Ander probleem: personen met een handicap hebben de NHRPH meegedeeld dat zij, in de blauwe zone, een bekeuring hebben gekregen, omdat zij enkel hun parkeerkaart achter de voorruit hadden geplaatst. De motivatie was dat zij, naast de kaart, niet de parkeerschijf hadden geplaatst. Dit gaat helemaal in tegen artikel 27.4.2. van de Wegcode die bepaalt dat de speciale parkeerkaart de parkeerschijf vervangt wanneer het gebruik daarvan verplicht is.

Al deze vaststellingen wijzen op een echte rechtsonzekerheid.

⇒ Concrete wens: de IMC (Interministeriële conferentie) “Handicap” zou het probleem moeten bespreken en regelen via haar werkgroep “mobiliteit”. De NHRPH vraagt dat serieus wordt overwogen dat de Gewesten regels opstellen en daarbij voorzien dat de gemeenten de houders van de parkeerkaart ambtshalve vrijstellen van het betalen van de parkeerretributies.

⇒ Concrete wens: aanpassing van de Wegcode. Momenteel is artikel 27 niet duidelijk, wat de rechtszekerheid als principe van behoorlijk bestuur op het spel zet.

Er zijn twee uitzonderingen:

    1. in paragraaf 3, wat betreft de parkeermeters en parkeerautomaten;
    2. in paragraaf 4, wat betreft de parkeerkaarten voor personen met een handicap.

Normaal gesproken zou paragraaf 4 een uitzondering op paragraaf 3 moeten zijn, wat de intentie van de wetgever lijkt te zijn geweest. Personen met een handicap kunnen onbeperkt “in de blauwe zone” parkeren. (De kosteloosheid lijkt hier noodzakelijk). De huidige interpretatie is evenwel dat de personen met een speciale parkeerkaart ook de regels van de parkeermeters moeten naleven.

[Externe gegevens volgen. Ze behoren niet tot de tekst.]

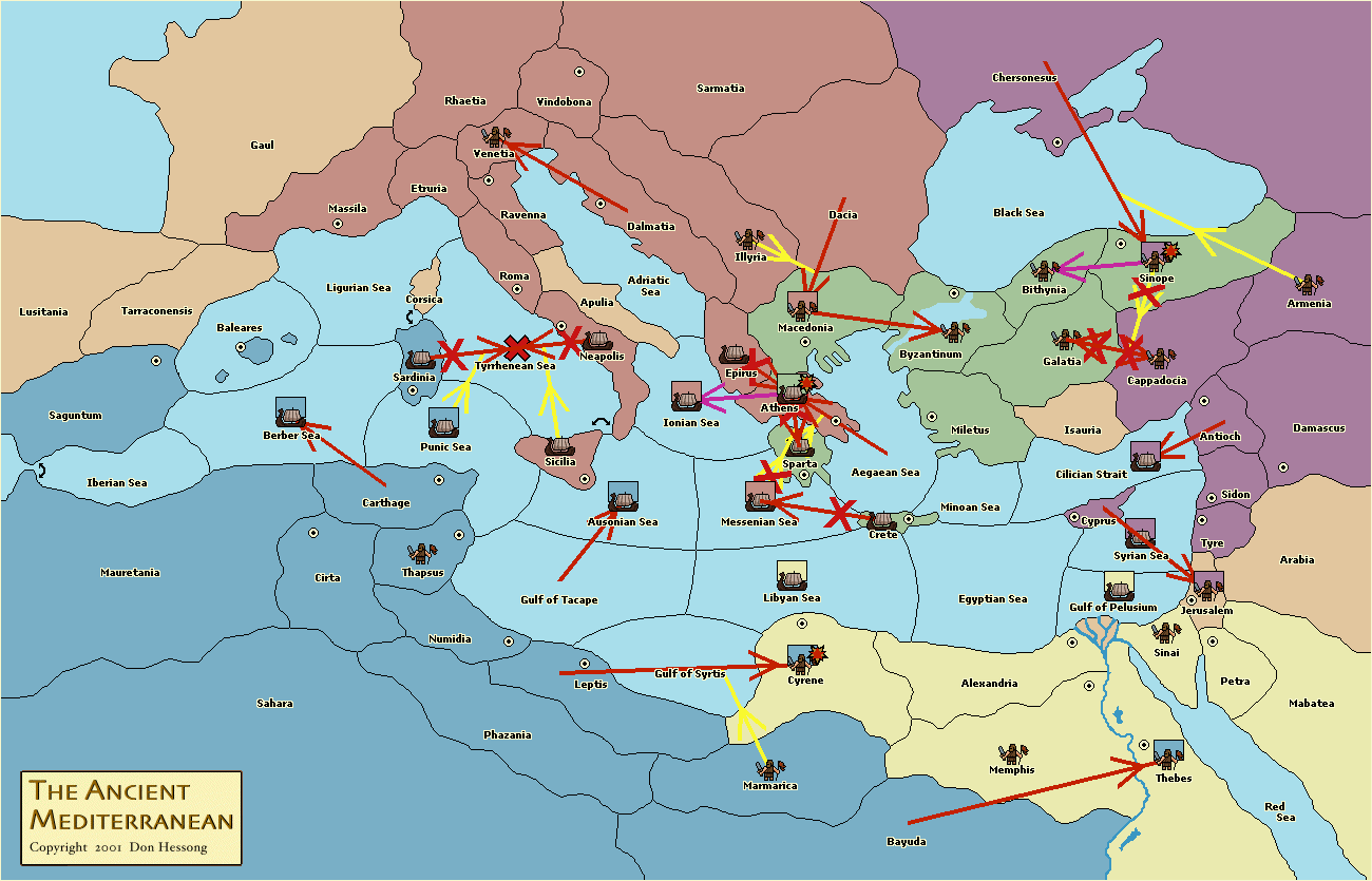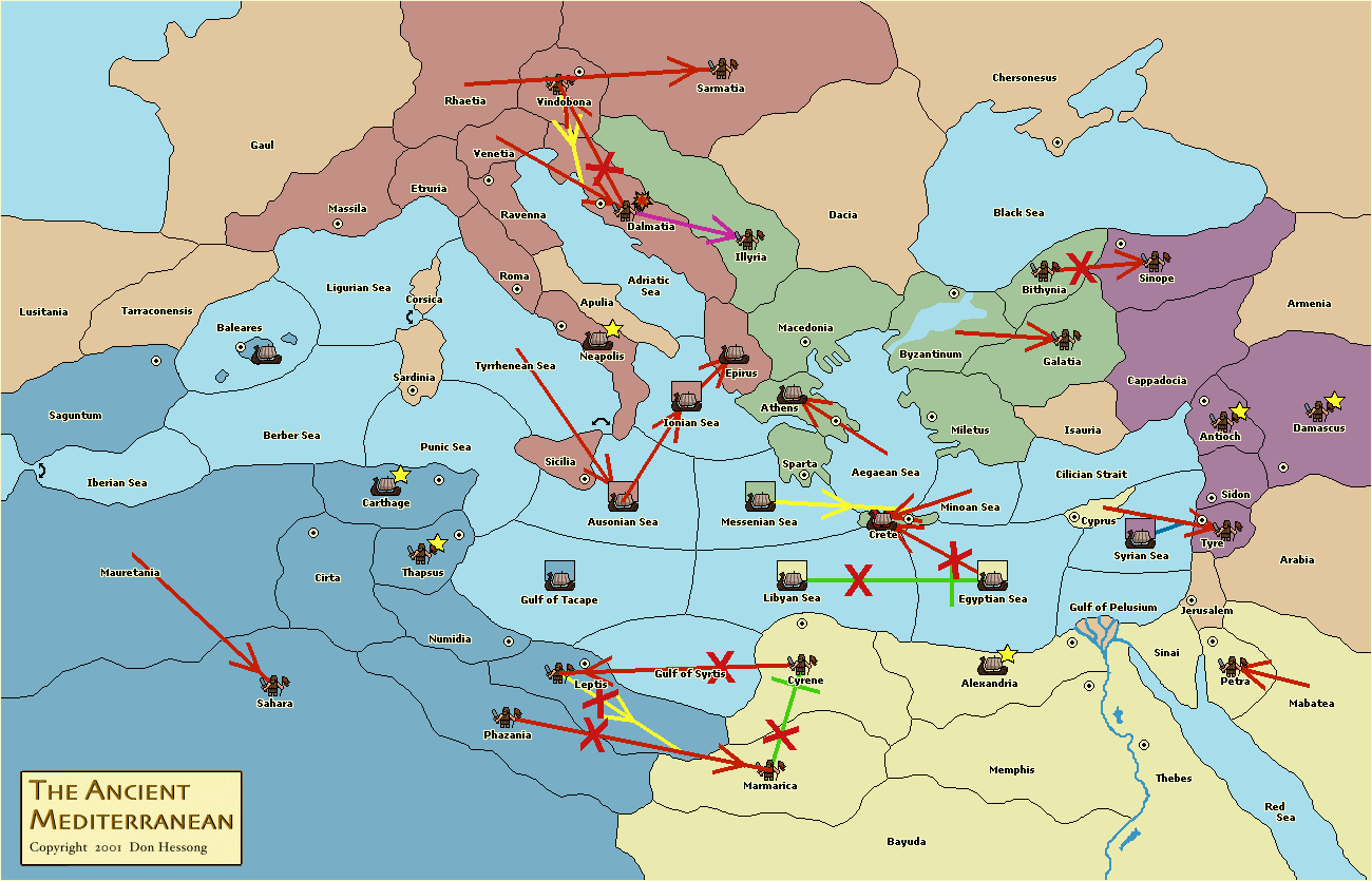 The fleet at Messenian Sea support move to Crete from Minoan Sea.
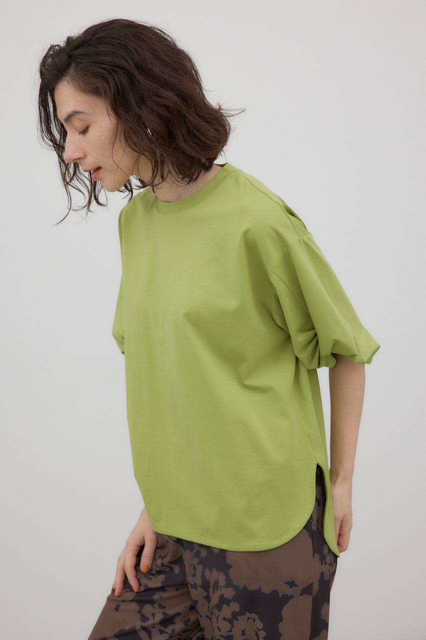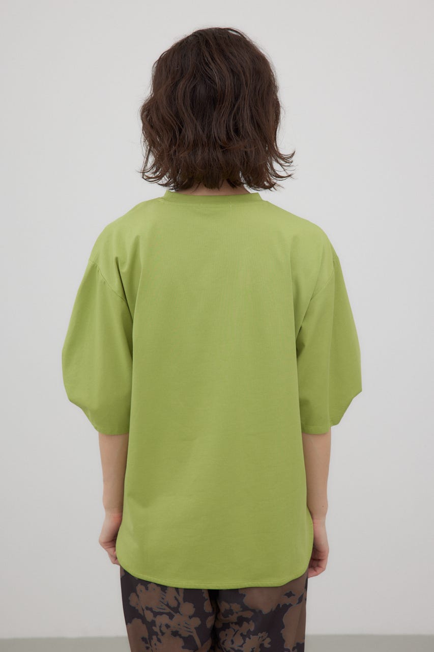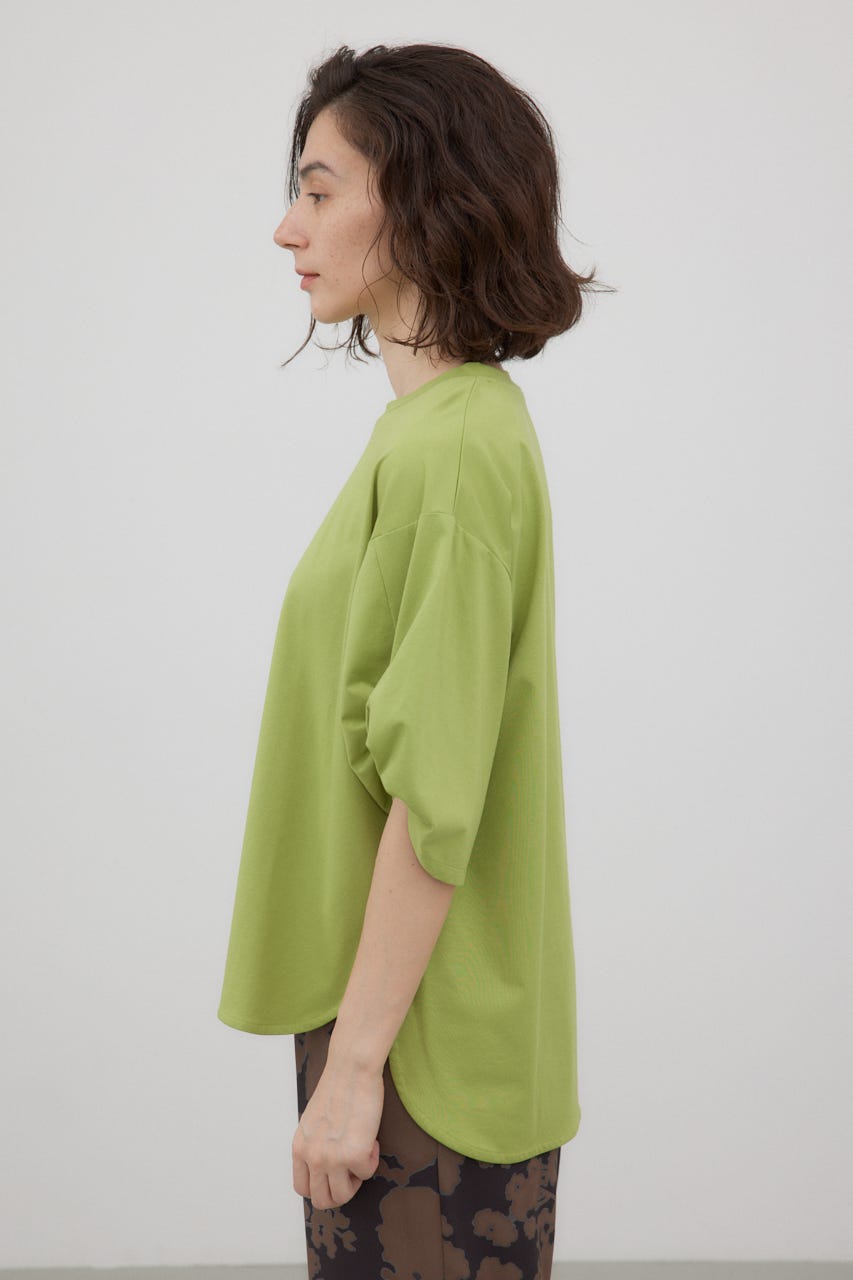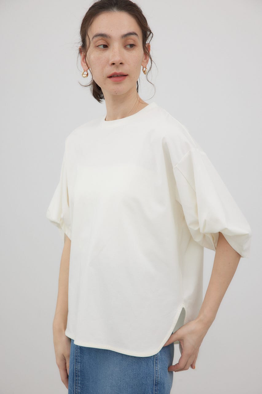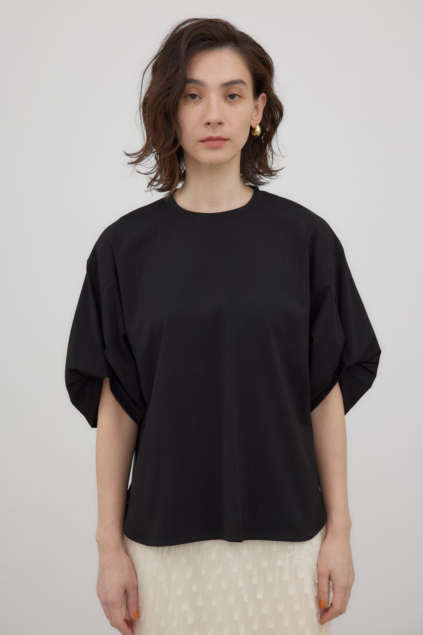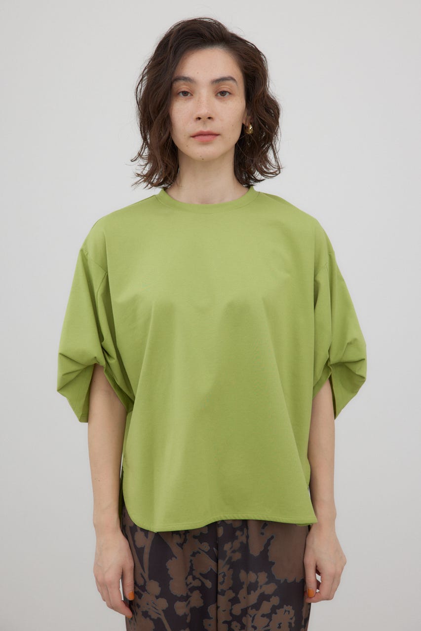 袖を捻ったようなデザインを加えた、シンプルなTシャツ。

Meer in het bijzonder moet artikel 27 worden verduidelijkt:
OFWEL is de parkeerkaart een uitzondering op de regels van de parkeermeters en parkeerautomaten, en bijgevolg kunnen personen met speciale parkeerkaarten gratis en onbeperkt in de tijd in de blauwe zone parkeren,
OFWEL is de parkeerautomaat een uitzondering in de blauwe zone voor iedereen. In dat geval moet de uitdrukking “onbeperkt in de tijd parkeren” worden geschrapt uit de juridische tekst, ofwel moet worden toegelicht hoe dit in dat geval zit met de betaling.

F. Probleem met de scan cars

De NHRPH is op de hoogte van besprekingen die over de scan cars aan de gang zijn tussen Minister Karine Lalieux en de Gewesten. De NHRPH maakt zich zorgen, want er is geen feedback meer sinds het najaar van 2022. Ondertussen worden personen met een handicap zeer regelmatig beboet in het hele land en moeten ze zware en herhaaldelijke procedures volgen.

⇒ Concrete wens: de NHRPH herinnert aan zijn adviezen 2020-04, 2021-32 en 2022-19 en verwacht dringend feedback over de stand van zaken van het dossier.